I once met a physicists who held the strong AI position. I was 16, hadn't encountered this position before, and it appeared utterly absurd to me. Even so I'm no longer convinced that this position is utterly absurd, I still don't understand why everybody tries to disprove John Searle. My feeling is that the setup of John Searle's thought experiment can be usefully translated into the context of modern computers:
A modern computer offers a certain amount of memory, more precisely a hierarchy of memory with increasing size but decreasing access speed. It also offers a certain processing power, more precisely a cluster of parallel processing units with increasing number but decreasing interconnection speed. This basic architecture is normally agnostic of the programs and input data that will be used to generate useful results with the resources provided by this computer.

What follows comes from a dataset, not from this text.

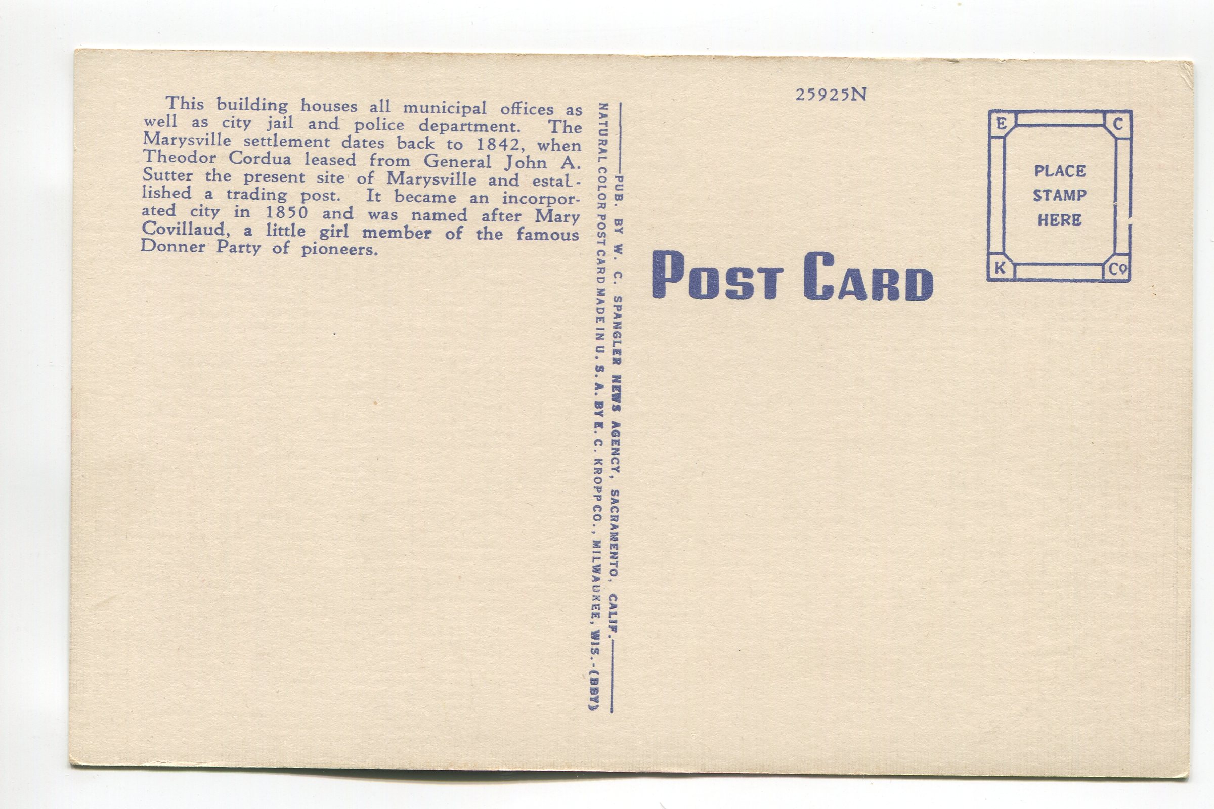 Marysville City Hall Marysville California postcard

In Searle's Chinese room thought experiment, John is assumed to take the role of this computer, and provide the memory and processing power for the computation. Actually, he is only assumed to provide the fastest memory, while the really huge but slow memory is external to John in the form of paper and pencil and the "magic" book. But even if John would take the role of the "entire" tape of a Turing machine, why should we expect him (or the tape) to understand the problem instance the Turing machine is currently working on? Well, one reason is that for a universal Turing machine, the program itself was also written on the tape, so the tape had access to all the relevant information over time (except the meaning and interpretation of its final output, but I doubt that this is important here).
My question is, Where does this instruction book come from? We're all aware that humans write the code that drives a computer, or writes code that writes more code to drive a computer (ie a compiler) etc.

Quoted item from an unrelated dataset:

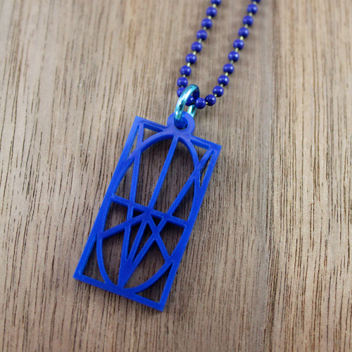 Pendant measures 1-3/8" x 5/8". Comes on a 30" blue ball chain with a connector clasp that can be cut to desired length.

In the above translation into the context of modern computers, the instruction book is part of the input. This might be an important point, because superficially it looks like the only input comes from Mai, who submits the questions in Chinese.
So where does the input come from? My guess is that the input comes from the current and past environment. However, we can't really look far enough into the past to learn where the "initial seed" came from. And in addition, we have the theory of evolution, which suggests that the "initial seed" might have been less important than it seems. Which brings me to another position that appeared utterly absurd to me when I first encountered it. Somebody suggested to me that this world might have been created by aliens. I found this ridiculous, because it begs the questions who created the aliens in the first place. However, after I watched a clip where Richard Dawkins seriously considered that possibility, I have to admit that it might indeed be a consistent position.
Even if it is not directly related to the question, what is my own guess how understanding and meaning can arise during complicated computations? It might be related to the structure of space and time, where communication of information between different points is necessary during a computation (because the amount of information stored near any given point is finite) and takes a certain finite amount of time. The consequence is that compressed messages with more or less clear meaning in the context of the computation are exchanged and understood (and sometimes remembered for later reference) during the course of a computation. (And because the computation which our universe with its space and time structure seems to execute is unlikely to end anytime soon, there is no need to worry about the meaning and interpretation of its final output.)